* WHAT YOU HAVE TO DO
An exact repeat is needed of the lines from the one with "The ToolShed Stainless" through the last line of the data below. Please omit the pictures.

────────

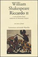 Volontà e destino, rito e potere si fondono assieme in quello che Coleridge definì il "dramma più schiettamente storico di tutto il teatro shakespeariano". La scena, alla fine del XIV secolo, è quella della drammatica deposizione di Riccardo II, osteggiato e sconfitto dal cugino usurpatore Enrico Bolingbroke, che ascenderà al trono con il nome di Enrico IV. Figura sacra e rituale dell'ordine simbolico medievale, di un mondo di istituzioni e cerimonie che sta collassando su se stesso per cedere il passo a una visione più moderna di regalità, Riccardo è però anche un uomo dalla profonda intuizione e dal pathos sofferto, un individuo che accoglie su di sé il declino tragico della perdita del nome e dell'identità, e che sceglie di arrendersi, prima ancora di aver lottato, alla propria disperata fragilità. Oscure trame, segreti inganni, vuoti cerimoniali e laceranti monologhi costituiscono lo sfondo e al contempo l'essenza di questo profondo dramma politico e psicologico, che sin dalle prime rappresentazioni ha dimostrato la sua imperitura capacità di significazione. Adattato e rivisitato con il passare dei secoli, declinato nei suoi molteplici interrogativi sul potere, il Riccardo II gode di enorme successo fin dal Settecento e nel Novecento vede tra i suoi registi i nomi di Giorgio Strehler, Gabriele Lavia, Anthony Quayle e Peter Hall. L'ultimo secolo assiste anche al fiorire delle traduzioni...
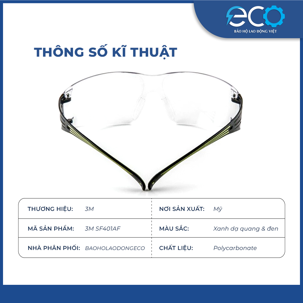 - Gọng kính: Nhựa dẻo siêu nhẹ, ôm sát, kiểu dáng thể thao – Kính bảo hộ 3M SF401AF được áp dụng công nghệ 3M Pressure Diffusion Temple với thiết kế phần gọng có độ đàn hồi cao, ôm khít vào đầu người mang, giảm tình trạng kính bị xê dịch khi đang làm việc. – Phần đệm mũi mềm nên không gây cấn lên phần mũi tiếp xúc. Những kính bảo hộ có phần đệm mũi cứng thường sẽ gây khó chịu cho người sử dụng khi đeo kính trong thời gian dài. – Phần đuôi của gọng kính được phủ lớp vật liệu mềm để tăng cảm giác thoải mái khi sử dụng vì dòng kính bảo hộ SecureFit có gọng kính ôm sát vào đầu người mang. – Tròng kính bằng vật liệu Polycarbonate với nhiều ưu điểm về khả năng chống va đập và chống vỡ vụn cũng như hấp thụ đến 99.9% tia cực tím UVA và UVB. – Khả năng chống va đập của tròng kính đạt tiêu chuẩn ANSI Z87.1-2015. – Model SF401AF có tròng kính được phủ lớp chống đọng sương – một đặc tính rất hữu dụng khi mang kính kèm khẩu trang. Tính năng nổi bật: ️Chống tia UV đến 99.9% – bảo vệ mắt khi lái xe, đi bộ, làm ngoài trời Chống bụi, gió mạnh, mảnh văng nhỏ – lý tưởng cho môi trường công nghiệp & giao thông Chống mờ (anti-fog) – không lo kính mờ khi thở, ra mồ hôi hay thay đổi nhiệt độ Phong cách thể thao cá tính, gọn nhẹ, đeo cực êm – dùng như kính thời trang Tròng trong suốt, không lóa – dễ quan sát, không mỏi mắt khi đeo lâu ️ Ứng dụng thực tế:
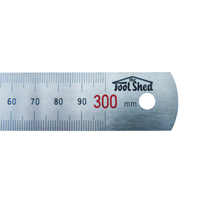 The ToolShed Stainless Steel Ruler 300mm is a top-tier measuring tool, renowned for its exceptional accuracy and durability. The ruler features both metric measurements on one side and imperial measurements on the other, with metric graduations at 1mm intervals and imperial graduations at 1/64in, 1/32in, and 1/16in intervals. Its laser-etched markings ensure longevity, preventing fading or scratching. For easy readability, each 100mm increment is highlighted in bold red. Constructed from hardened 304 stainless steel, this ruler is built to resist corrosion and impact, ensuring long-lasting performance. It also comes in a reusable protective plastic sheath and includes a hook hole for convenient hanging and storage.
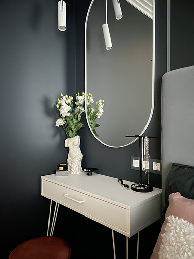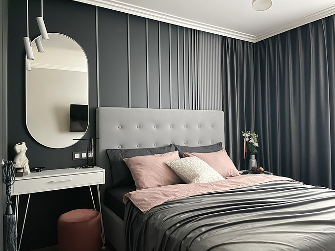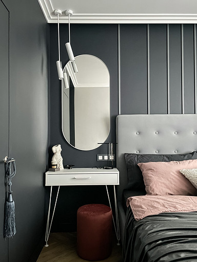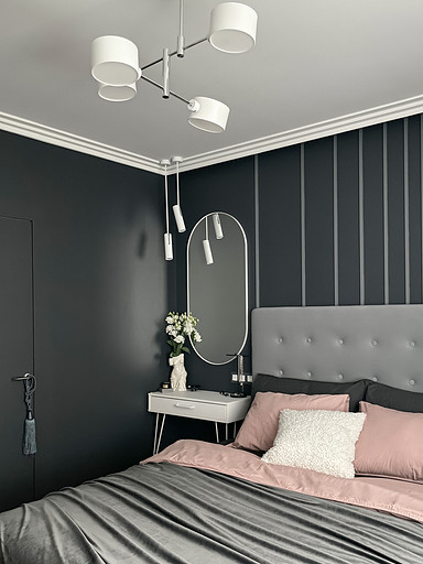 Современная классика и темные тона в интерьере спальни для молодой девушки.
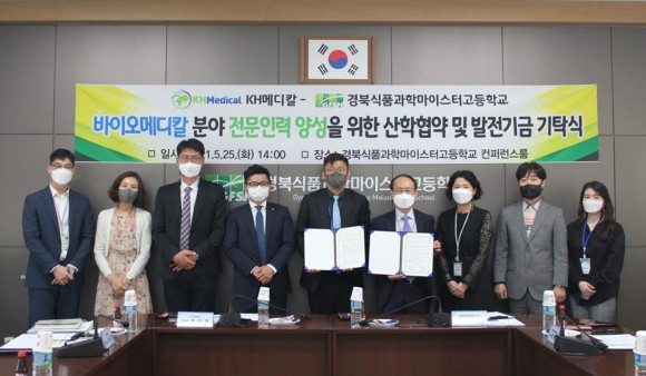 경북식품과학마이스터고(교장 최창원)는 5월 25일 바이오 진단기기 및 시약분야의 기술력을 인정받고 있는 케이에이치메디칼(대표 홍만형)과 산학협력 협약을 체결했다.
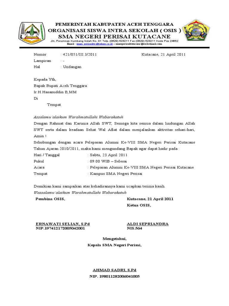 Ya, surat dinas merupakan surat yang dibuat oleh instansi resmi yang berguna untuk berbagai kepentingan tertentu. Osis man darul falah jl.pilang bangu, sepat, masaran sragen tlp. Karena undangan rapat osis merupakan salah satu surat resmi, anda tentu saja harus mengikuti beberapa kaidah dalam pembuatan surat resmi. Surat undangan adalah surat yang banyak digunakan oleh instansi maupun keperluan lain. Osis sma negeri 01 malang jl.

────────

* EXERCISE SOLUTION
 The ToolShed Stainless Steel Ruler 300mm is a top-tier measuring tool, renowned for its exceptional accuracy and durability. The ruler features both metric measurements on one side and imperial measurements on the other, with metric graduations at 1mm intervals and imperial graduations at 1/64in, 1/32in, and 1/16in intervals. Its laser-etched markings ensure longevity, preventing fading or scratching. For easy readability, each 100mm increment is highlighted in bold red. Constructed from hardened 304 stainless steel, this ruler is built to resist corrosion and impact, ensuring long-lasting performance. It also comes in a reusable protective plastic sheath and includes a hook hole for convenient hanging and storage.
 Современная классика и темные тона в интерьере спальни для молодой девушки.
 경북식품과학마이스터고(교장 최창원)는 5월 25일 바이오 진단기기 및 시약분야의 기술력을 인정받고 있는 케이에이치메디칼(대표 홍만형)과 산학협력 협약을 체결했다.
 Ya, surat dinas merupakan surat yang dibuat oleh instansi resmi yang berguna untuk berbagai kepentingan tertentu. Osis man darul falah jl.pilang bangu, sepat, masaran sragen tlp. Karena undangan rapat osis merupakan salah satu surat resmi, anda tentu saja harus mengikuti beberapa kaidah dalam pembuatan surat resmi. Surat undangan adalah surat yang banyak digunakan oleh instansi maupun keperluan lain. Osis sma negeri 01 malang jl.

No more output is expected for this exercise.